The country’s third biggest private sector lender Axis Bank on Friday cut its interest offering by up to 0.70 per cent, following similar moves by all the major players in the system due to high liquidity after demonetisation.
The Shikha Sharma-led bank cut its marginal cost of funds based lending rate (MCLR) for one year — which serves as the benchmark for a slew of loans including home loans — by 0.65 per cent to 8.25 per cent, it said in a statement.
The new rates, decided by the bank’s asset liability committee which met Friday, are effective from January 18.
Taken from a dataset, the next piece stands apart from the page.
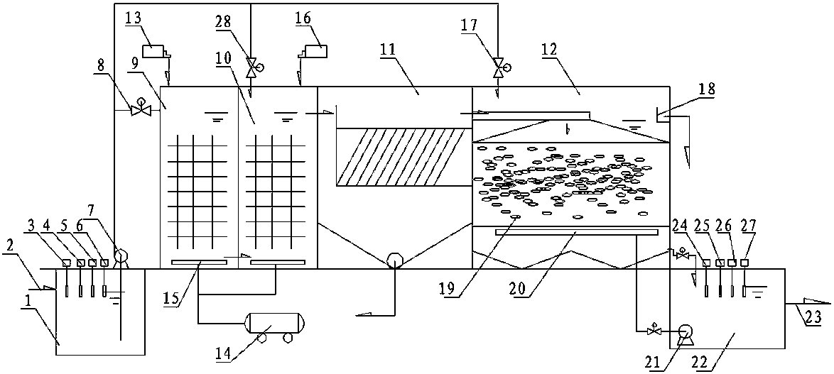 所述除磷池和絮凝池的底部設置有曝氣管,所述曝氣管與設置除磷池和絮凝池外部的空壓機連通。

“We have passed the entire benefit accruing from a surge in the current and savings account and a drop in deposit rates to the borrowers,” its head of treasury Shashikant Rathi said. He added that the bank had effected a cut of between 0.75-1 per cent in its deposit offerings right after the November 8 government announcement to scrap ~ 500 and ~1,000 notes, which has led to a surge in the low-cost current and saving account deposits.
When asked about his outlook, Rathi said there is no more room for a cut at present and any further action hinges on events like a cut by RBI in its key rates or a surge in low-cost deposits. The bank had also cut its base rate by over 0.10 per cent earlier this month. MCLR replaced the base rate in April last year for a better transmission of the RBI’s policy actions in borrower costs.
He said 30 per cent of the bank’s loan book is on the MCLR-based system, but the number is very dynamic as more people are switching to the lower-priced MCLR rates at a faster pace.